ModuleNotFoundError: No module named 'bs4'

# load metadata

In [7]:
_datadir = Path('./data/classical_C')
_metadata_file = _datadir / 'metadata.csv'

if not _metadata_file.exists():
    files = collections.defaultdict(list)
    for filepath in _datadir.glob('*.mid'):
        files['file'].append(str(filepath))
        composer = filepath.stem.split('_')[0]
        files['composer'].append(composer)

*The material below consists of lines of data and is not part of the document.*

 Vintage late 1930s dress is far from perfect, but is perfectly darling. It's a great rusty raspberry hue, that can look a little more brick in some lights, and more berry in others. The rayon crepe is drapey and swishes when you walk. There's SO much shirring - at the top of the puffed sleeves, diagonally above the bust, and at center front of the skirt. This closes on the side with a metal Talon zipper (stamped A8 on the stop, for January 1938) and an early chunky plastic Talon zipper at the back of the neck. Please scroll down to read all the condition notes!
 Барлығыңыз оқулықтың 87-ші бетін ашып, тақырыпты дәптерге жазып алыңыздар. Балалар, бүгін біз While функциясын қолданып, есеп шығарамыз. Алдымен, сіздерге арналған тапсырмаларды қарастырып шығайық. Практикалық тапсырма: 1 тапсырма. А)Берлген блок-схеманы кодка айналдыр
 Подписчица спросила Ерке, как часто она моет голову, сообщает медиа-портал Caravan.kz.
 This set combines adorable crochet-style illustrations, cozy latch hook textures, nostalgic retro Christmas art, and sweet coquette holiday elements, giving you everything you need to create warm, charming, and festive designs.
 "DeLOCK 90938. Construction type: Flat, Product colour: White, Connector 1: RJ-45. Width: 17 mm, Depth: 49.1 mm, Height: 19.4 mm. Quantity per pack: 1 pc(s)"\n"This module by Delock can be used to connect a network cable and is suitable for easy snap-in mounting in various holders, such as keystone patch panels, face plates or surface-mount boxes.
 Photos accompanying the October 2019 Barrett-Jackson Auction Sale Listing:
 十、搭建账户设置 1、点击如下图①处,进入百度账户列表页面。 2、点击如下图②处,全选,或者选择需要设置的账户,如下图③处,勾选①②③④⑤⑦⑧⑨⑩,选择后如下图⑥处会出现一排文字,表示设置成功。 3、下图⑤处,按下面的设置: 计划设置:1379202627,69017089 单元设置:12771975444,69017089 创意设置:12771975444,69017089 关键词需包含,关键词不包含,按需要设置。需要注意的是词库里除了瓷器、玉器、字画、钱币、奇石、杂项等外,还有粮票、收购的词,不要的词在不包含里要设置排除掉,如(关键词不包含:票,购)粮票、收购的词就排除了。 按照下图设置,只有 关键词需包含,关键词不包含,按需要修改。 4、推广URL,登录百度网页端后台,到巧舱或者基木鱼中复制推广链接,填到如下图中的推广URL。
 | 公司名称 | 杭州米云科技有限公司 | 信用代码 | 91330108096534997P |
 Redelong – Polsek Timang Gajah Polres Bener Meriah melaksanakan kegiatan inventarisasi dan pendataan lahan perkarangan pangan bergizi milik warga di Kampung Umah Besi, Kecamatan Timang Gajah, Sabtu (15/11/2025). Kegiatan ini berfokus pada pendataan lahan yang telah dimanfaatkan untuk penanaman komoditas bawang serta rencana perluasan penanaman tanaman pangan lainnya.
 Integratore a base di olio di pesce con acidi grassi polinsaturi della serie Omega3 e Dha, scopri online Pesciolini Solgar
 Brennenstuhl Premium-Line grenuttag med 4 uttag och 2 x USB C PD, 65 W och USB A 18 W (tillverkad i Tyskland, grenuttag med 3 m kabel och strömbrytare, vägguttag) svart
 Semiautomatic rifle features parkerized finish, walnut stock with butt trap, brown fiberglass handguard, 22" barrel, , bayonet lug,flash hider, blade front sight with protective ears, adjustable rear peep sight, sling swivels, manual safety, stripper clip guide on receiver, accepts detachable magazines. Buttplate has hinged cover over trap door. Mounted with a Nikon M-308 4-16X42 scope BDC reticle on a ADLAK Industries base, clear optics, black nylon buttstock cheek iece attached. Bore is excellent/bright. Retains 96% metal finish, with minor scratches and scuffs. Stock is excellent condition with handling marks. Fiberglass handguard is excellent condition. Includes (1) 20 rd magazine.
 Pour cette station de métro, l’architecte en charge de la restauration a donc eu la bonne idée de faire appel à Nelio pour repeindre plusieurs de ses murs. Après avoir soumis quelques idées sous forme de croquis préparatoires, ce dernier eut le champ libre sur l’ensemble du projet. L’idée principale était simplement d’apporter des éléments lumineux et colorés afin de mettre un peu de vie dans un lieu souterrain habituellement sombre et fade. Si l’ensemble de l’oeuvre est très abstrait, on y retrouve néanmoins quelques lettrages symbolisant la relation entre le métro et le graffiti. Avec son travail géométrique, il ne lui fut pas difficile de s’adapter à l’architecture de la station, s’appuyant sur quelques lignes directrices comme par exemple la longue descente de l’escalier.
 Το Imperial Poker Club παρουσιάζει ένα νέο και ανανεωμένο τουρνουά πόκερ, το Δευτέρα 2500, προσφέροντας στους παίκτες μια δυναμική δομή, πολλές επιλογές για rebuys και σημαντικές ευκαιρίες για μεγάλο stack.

        pm = pretty_midi.PrettyMIDI(str(filepath))
        files['end_time'].append(pm.get_end_time())
        
        
        tempos, probabilities = pm.estimate_tempi()
        assert np.isclose(sum(probabilities), 1)
        tempo_bpm = np.dot(tempos, probabilities) # expected tempo in beats/min
        seconds_per_beat = (1/tempo_bpm)*60
        time_sig_denom = pm.time_signature_changes[0].denominator
        note_dist = seconds_per_beat / (16 / time_sig_denom)
        
        files['expected_tempo'].append(tempo_bpm)
        files['16th_note_duration'].append(note_dist)
        roll = midi_to_pianoroll(str(filepath), sample_dist=note_dist)
        files['roll_length'].append(roll.shape[1])

    df_meta = pd.DataFrame({ key: np.asarray(val) for key, val in files.items() })
    df_meta.to_csv(_metadata_file, index=False)
else:
    df_meta = pd.read_csv(_metadata_file)
    
    
df_meta.head()

Unnamed: 0,file,composer,end_time,expected_tempo,16th_note_duration,roll_length
0,data/classical_C/beethoven_les_adieux_3_C_.mid,beethoven,300.601217,172.65097,0.173761,1729
1,data/classical_C/clementi_opus36_6_2_C_.mid,clementi,136.598831,230.29044,0.13027,1048
2,data/classical_C/chpn_op10_e12_C_.mid,chpn,138.571344,207.866337,0.072162,1920
3,data/classical_C/chpn-p2_C_.mid,chpn-p2,121.57748,107.696155,0.139281,829
4,data/classical_C/chpn_op35_1_C_.mid,chpn,392.316231,197.124089,0.076094,5155


In [8]:
df_meta['16th_note_duration'].describe()

count    337.000000
mean       0.100930
std        0.048265
min        0.032209
25%        0.071719
50%        0.084659
75%        0.119674
max        0.380261
Name: 16th_note_duration, dtype: float64

# converting midi to audio

In [36]:
# Sampling rate for audio playback
_SAMPLING_RATE = 16000

def display_audio(pm: pretty_midi.PrettyMIDI, seconds=30):
  waveform = pm.fluidsynth(fs=_SAMPLING_RATE)
  # Take a sample of the generated waveform to mitigate kernel resets
  waveform_short = waveform[:seconds*_SAMPLING_RATE]
  return display.Audio(waveform_short, rate=_SAMPLING_RATE)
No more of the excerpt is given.